At the first ever Pwnie Awards announced at the Black Hat Briefings here, a team of well-known researchers picked the OpenBSD team from a list of four software vendors -- BMC, EnCase and Norman AntiVirus were the others -- in the "lamest vendor response" category.
Written by Ryan Naraine, Contributor
OpenBSD team mocked at first ever ‘Pwnie’ awards

LAS VEGAS -- The OpenBSD team has won an award for the most spectacular "mishandling" of a critical security vulnerability.

Here's why:

The OpenBSD team refused to acknowledge the bug as a security vulnerability and issued a "reliability fix" for it. A week later Core Security had developed proof of concept code that demonstrated remote code execution. Read the full timeline and quotes in the Core advisory.
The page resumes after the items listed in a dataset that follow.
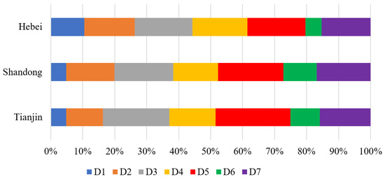 The proportion of risk values generated by different threat sources to the ecological sources of Bohai Bay (D1—paddy field, D2—dryland, D3—urban land, D4—rural settlement, D5—industrial and construction land, D6—unused land, and D7—reclamation area).
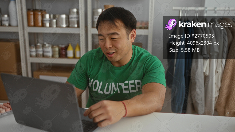 Young man in volunteer shirt using laptop in charity room filled with donation items and supplies.
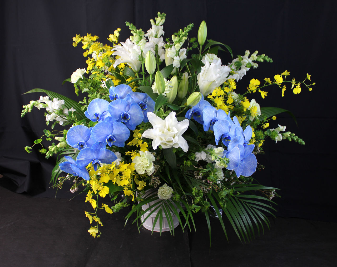 青、黄色の相性はとても良いので、黄色のオンシジウムも挿して仕上げてみました。
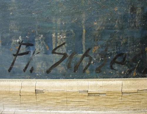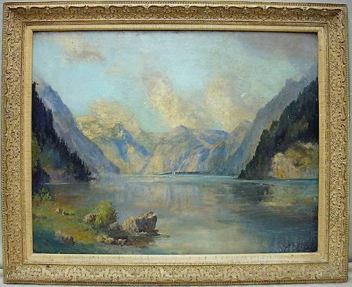 F. Schiess oil on board of mountain lake; late 19th C.; signed (L.R.); framed; image measures 23 1/2" x 29 3/4" (needs cleaning)
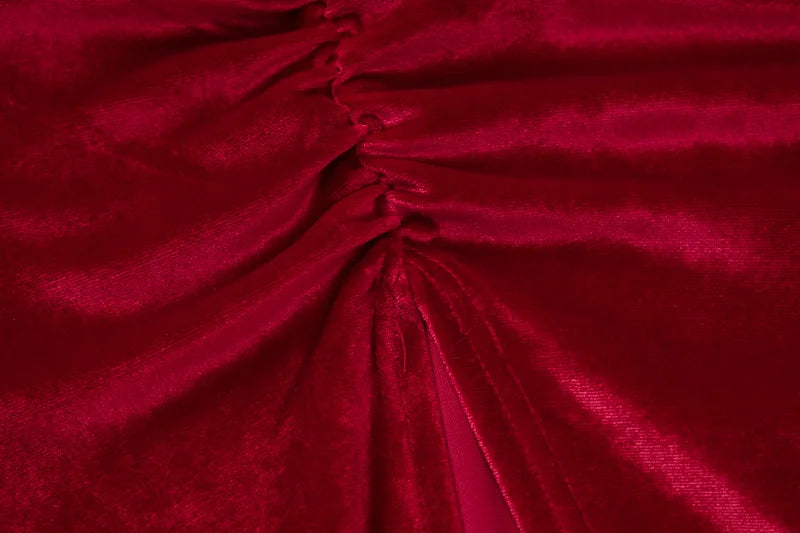 Women Elegant Long Sleeve Party Evening Velvet Bodycon Split Pencil Midi Dress Spring Autumn Clothes
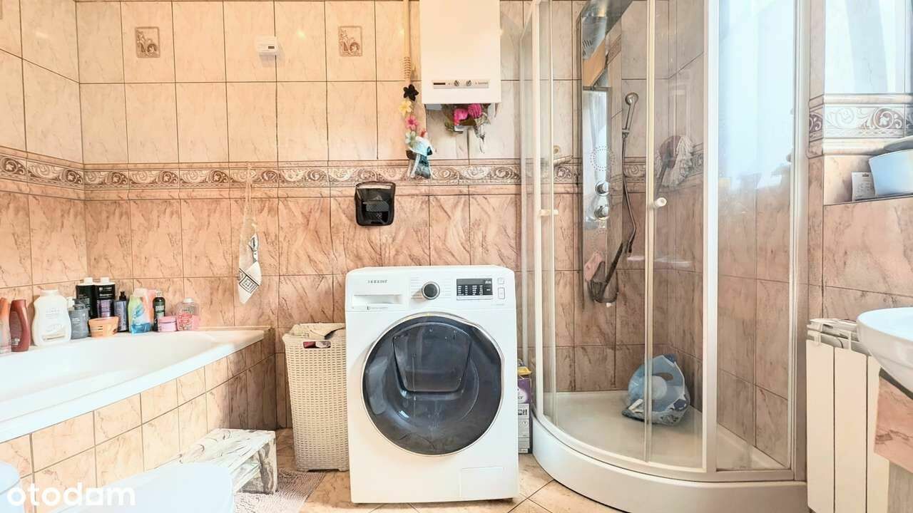- ogrzewanie z własnego pieca C.O. z podajnikiem

During the ceremony, a five-man panel of judges (HD Moore, Alexander Sotirov, Dave Goldsmith, Dino Dai Zovi and Dave Aitel) cheered accomplishments in the bug-finding field and jeers for lame and overhyped discoveries.

Other winners:

Best server-side bug: The Solaris in.telnetd remote root exploit released by Kingcope in February. Kingcope was given a golden Pwnie for finding this vulnerability that did not require any special hacking tools or shellcode.

Best client-side bug: Researchers skape and skywing took this award for finding a nasty Windows vulnerability (Windows 2000 SP4, XP SP1 and SP2, Server 2003 and 2003 SP1) that allowed remote attackers to execute arbitrary code via unspecified vectors involving unhandled exceptions, memory resident applications, and incorrectly "unloading chained exception." The flaw was detailed in Uninformed Vol. 4.

Pwnie for mass ownage: This was won by the unknown hacker who found the WMF SetAbortProc remote code execution hole that was widely exploited in the wild via Internet Explorer. "This vulnerability deserves an award for its obviousness, ease of exploitation and high impact," the judges said.

Most innovative research: Skape's presentation, featured in the Uninformed Vol.2, grabbed this award for being the most interesting piece of work done in the last year.

Most overhyped bug: The controversial MacBook Wi-Fi vulnerabilities released by David Maynor at last year's Black Hat took this dubious award. "In the end, the only public information about Maynor's Wi-Fi vulnerabilities are hype, denial, a media frenzy, and a patch that may or may not have been based on Maynor's findings," the judges said.